Akrabaları haftada
veya ayda bir ziyaret etmeli, kırk günü geçirmemelidir. Uzak memlekette
ise, mektupla, telefonla gönüllerini almalıdır.Allahü
teâlâ, Müslüman olan ve salih olan akrabayı ziyareti emretmektedir. Hiç
olmazsa haftada veya ayda bir ziyaret etmeli, kırk günü geçirmemelidir.
Uzak memlekette ise, telefonla, mail atarak gönlünü almalıdır. Akrabası
gelmese, cevap vermese de, giderek veya hediye, selam göndererek hal
hatır sormalı; irtibatı kesmemelidir...
***
Menkıbe: Mekke'de Horasanlı emîn bir kimse vardı. Oraya gelen yabancılar, eşya ve emânetlerini ona bırakırlardı...
Bir
defasında yine bir yolcu, kendisine onbin akçe emânet etmişti.
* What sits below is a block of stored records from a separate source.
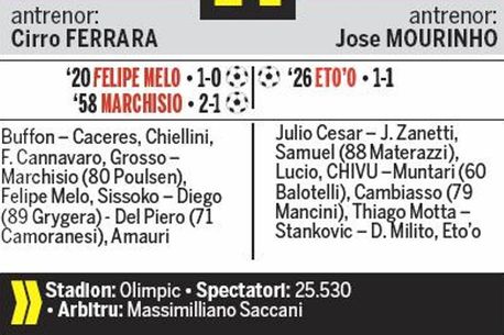 eșec în campionat, fiind învinsă cu 2-1 pe „Olimpico” din Torino de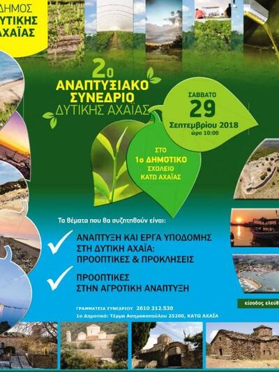 Πεδία και άξονες ανάπτυξης θα αναζητήσει ο Δήμος Δυτικής Αχαΐας στις εργασίες του 2ου Αναπτυξιακού Συνεδρίου που θα πραγματοποιηθεί το Σάββατο 29 Σεπτέμβριου στο 1ο Δημοτικό Σχολείο Κάτω Αχαΐας, σε συνδιοργάνωση με την εφημερίδα «Πελοπόννησος», υπουργεία και πλειάδα θεσμικών και παραγωγικών φορέων. Το πρόγραμμα του συνέδριου, αποτελείται από τις εξής δύο ενότητες: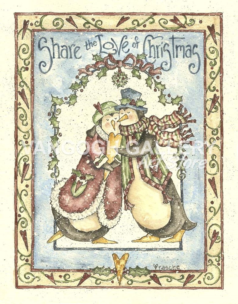 Share The Love Of Christmas Penguins by Shelly Rasche art print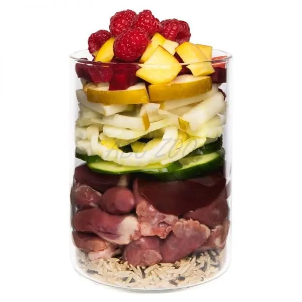 Zloženie: Kačacie mäso 43 % (kačacie srdce 37 %, kačacia pečeň 6 %), vývar 19 %, fenikel 6 %, hruška 6 %, broskyňa 6 %, uhorka 6 %, cvikla 6 %*, prírodná ryža 6 %, malina 1 %, minerály 1 %*, repkový olej, bazalka*, rasca*, majorán*, tymian*, andská soľ, sezamové semienka 0,3 %*, pivovarské kvasnice*, ustricová lastúra*, minerálny íl*, spirulina*
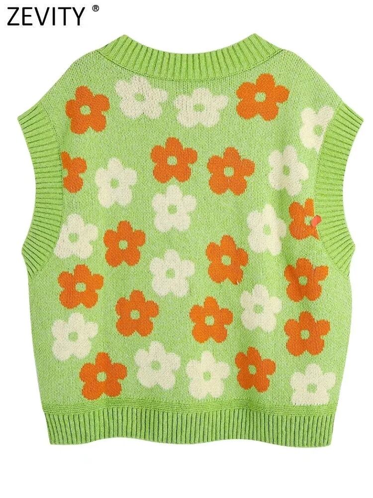 女性のカラーマッチングフローラルプリントルーズベストセーターレディVネックノースリーブチョッキシックなプルオーバートップスSW421 花柄

Adam,
bir müddet sonra emânetini almak üzere tekrar Mekke'ye geldiğinde,
emânetçinin ölmüş olduğunu öğrendi. Meseleyi âile efrâdına anlattı.
Fakat onlar, böyle bir emânetten haberlerinin olmadığını söylediler. O
da Mekke'deki ulemâya durumu anlattı. Ne yapması gerektiği husûsunda
fikirlerini sordu. Ulemâ ittifakla;
-Biz Horasanlıyı gâyet
dürüst ve sâlih bir insan olarak biliriz. Hakkındaki kanâatimiz odur ki,
o Cennetliktir. Sen, gecenin üçte biri, yâhut yarısı geçince, Zemzem
kuyusunun başını git ve orada, "Ey filân oğlu filân! Ben emânetin
sahibiyim!" diye seslen. Ümit ederiz sana bir cevap verilecektir,
dediler.
Adam, üst üste üç gün böyle yaptı. Fakat ses sedâ çıkmadı. Âlimler bu duruma şaşırdılar.
-Bu
durumda biz, Horasanlının Cehennemlik olmasından korkuyoruz. Merhût
denilen bir vâdi vardır. Bu vâdîde bir kuyu bulunmaktadır. Gecenin üçte
biri veya yarısı geçince onun başında, "Ey filân oğlu filân! Ben
emânetin sahibiyim! diye nidâ et" dediler.
Adam, söylenilen
saatte oraya gitti ve o şekilde seslendi. Daha birinci seslenişinde bir
ses kendisine cevap verdi. Emânetçinin sesini tanıyan ve dehşete kapılan
adam, ona sordu:
-Buraya atılmana sebep nedir?
-Benim
Horasan'da akrabâlarım, dostlarım vardı. Mekke'ye geldikten sonra hiç
sıla-i rahm yapmadım. Onları arayıp sormadım, ziyâretlerine gitmedim.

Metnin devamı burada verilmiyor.